• Activity:
Each line of the data below that carries the word "ederra" needs to be copied.
----
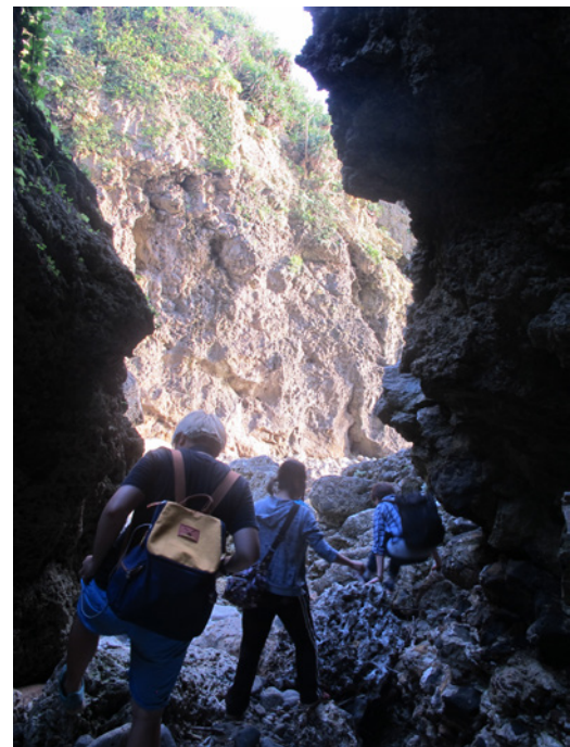
右圖：追尋新的體驗是小幫手認為最重要的價值。
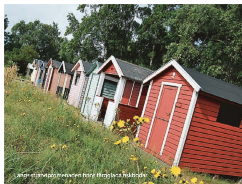
Längs strandpromenaden finns färgglada fiskbodar.

Något som vore spännande att prova nästa gång är rummen som har egen balkong.
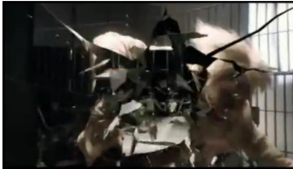
Gambar 11 Toru melompat ke cermin pembatas (menit 45:03)
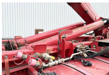
gassmann trucks More than 2.000 trucks & trailers
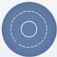
セラミック噴霧シート
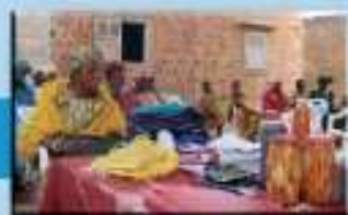
Appui aux initiatives des Organisations Féminines - Caritas Thiès

Un formulaire de requête de financement est disponible au Service de Coopération et d'Action Culturelle, auprès du Bureau des ONG, et sur le site internet de l'Ambassade de France à Dakar : www.ambafrance-sn.org
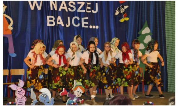
Szalone babcie w szkole we Włosienicy.

W przedstawieniu drugoklasistów głównymi postaciami byli bohaterowie święta – babcia i dziadek. Okazało się, że ich codzienne troski, myśli i radości są tak młode jak ich wnuki. Dociekliwe
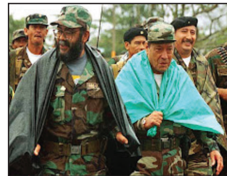
COLOMBIA: La derrota militar de las FARC y la negociación
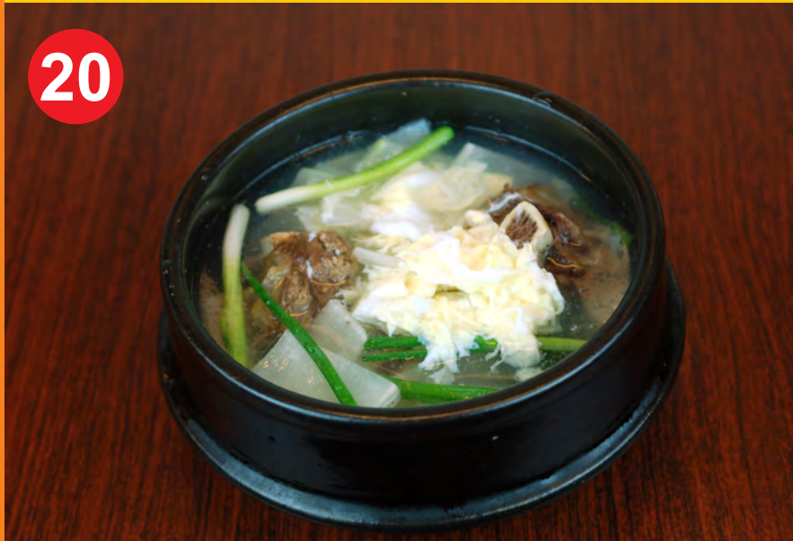
20 GALBI TANG 갈비탕
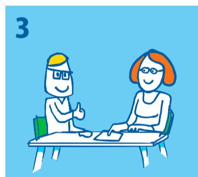
3 Een vrijwilliger van Kindpakket.nl komt bij u thuis om de aanvraag door te nemen
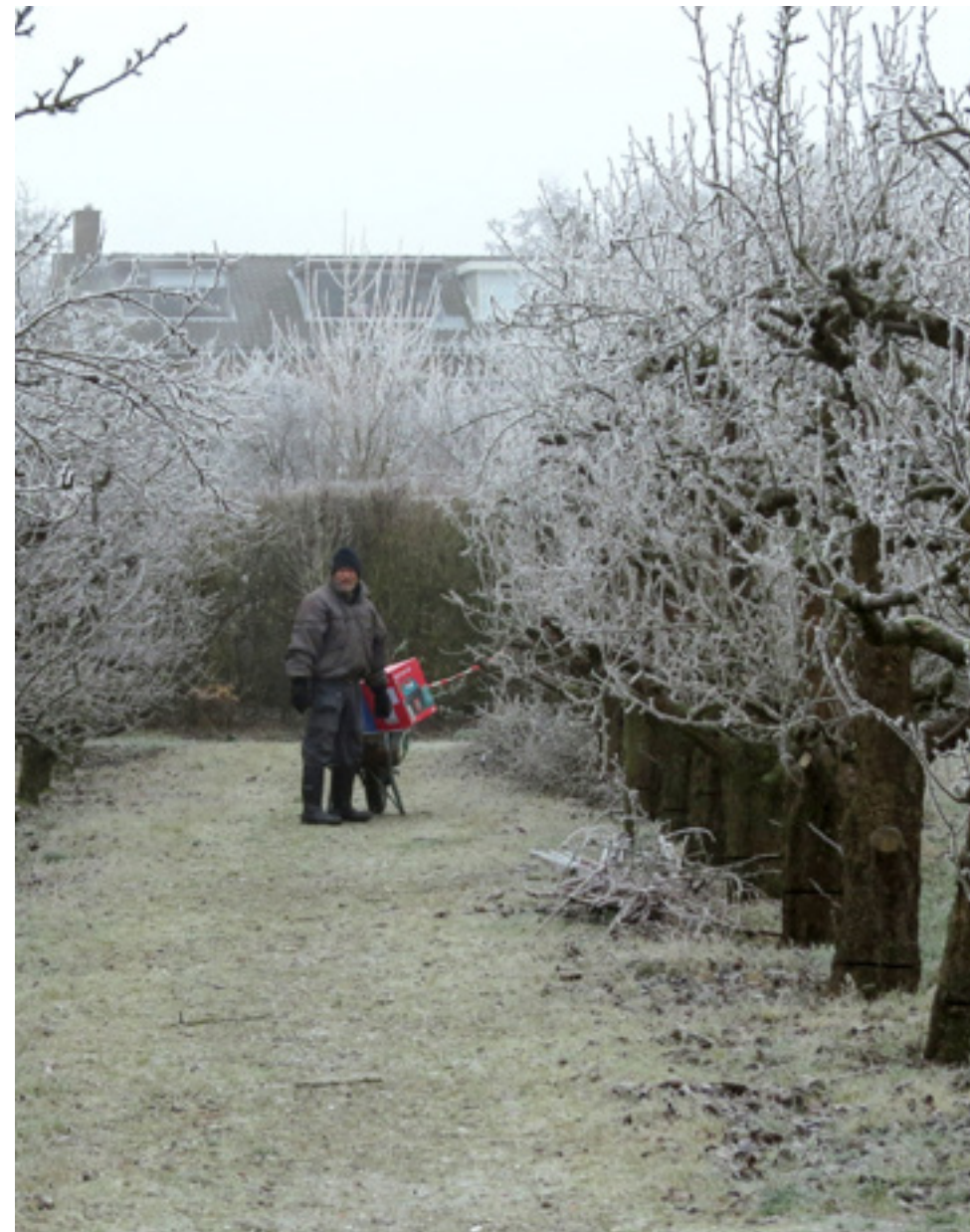
Ook in de winter gaat het onderhoudswerk in de perenboomgaard door.

groep zijn velen nog actief en gezond. Als deze wijkbewoners allemaal een klein deel van hun tijd aan onze wijk willen besteden, dan blijft Seghwaert een mooie plek om te wonen en op die manier ook aantrekkelijk als vestigingsplaats voor de jonge generaties. Wil je meedoen, en dat kan ook als je niet gepensioneerd bent, neem dan contact op met Bert Dekkers, dat kan via: gijbertdekke@live.nl
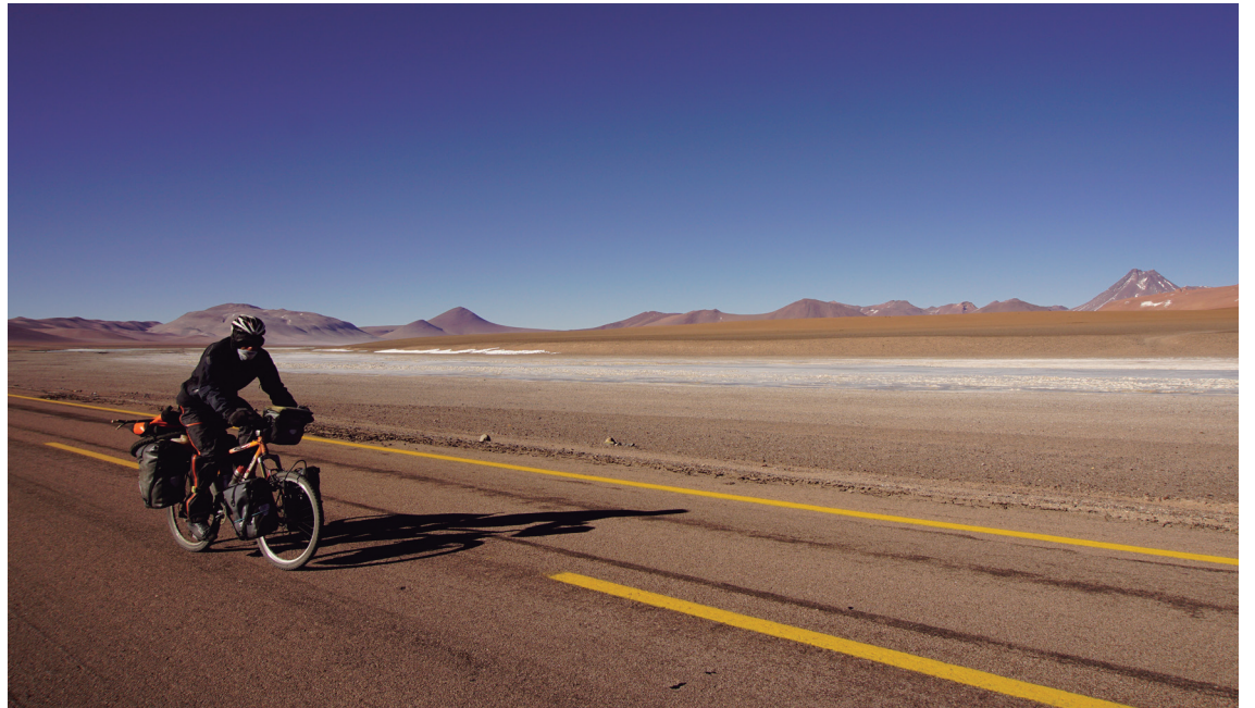
Jamako igarobidean, lau mila metrotik gora. Hotza eta haizea, baina ederra.

Abenturari denbora-mugarik ez jartzean altxor ederra
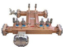
Cバンドハイブリッド
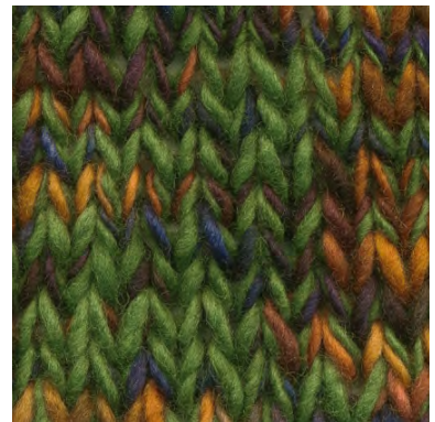
MCM-6554 / MCL-2364
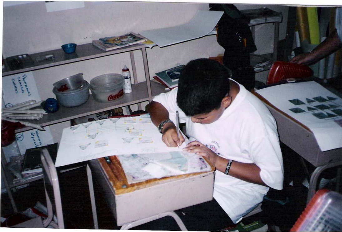
Elaborando su árbol Genealógico.
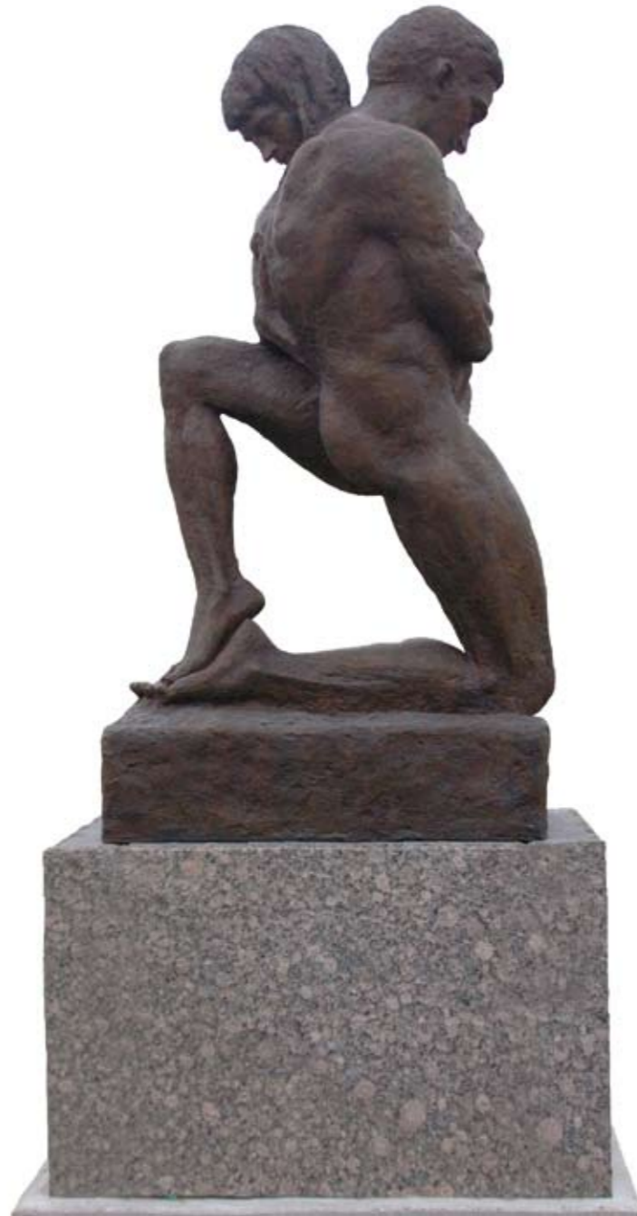
„Die Liebenden“ Bronze
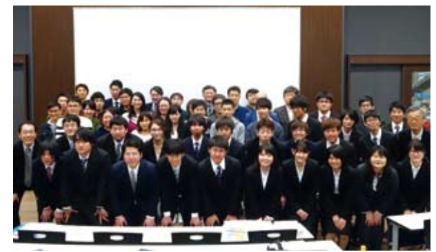
最終発表会を終えて
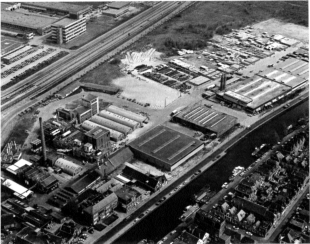
Het AAgrunol-complex aan het Winschoterdiep te Groningen (1971)
----
• Your response:
Jamako igarobidean, lau mila metrotik gora. Hotza eta haizea, baina ederra.
Abenturari denbora-mugarik ez jartzean altxor ederra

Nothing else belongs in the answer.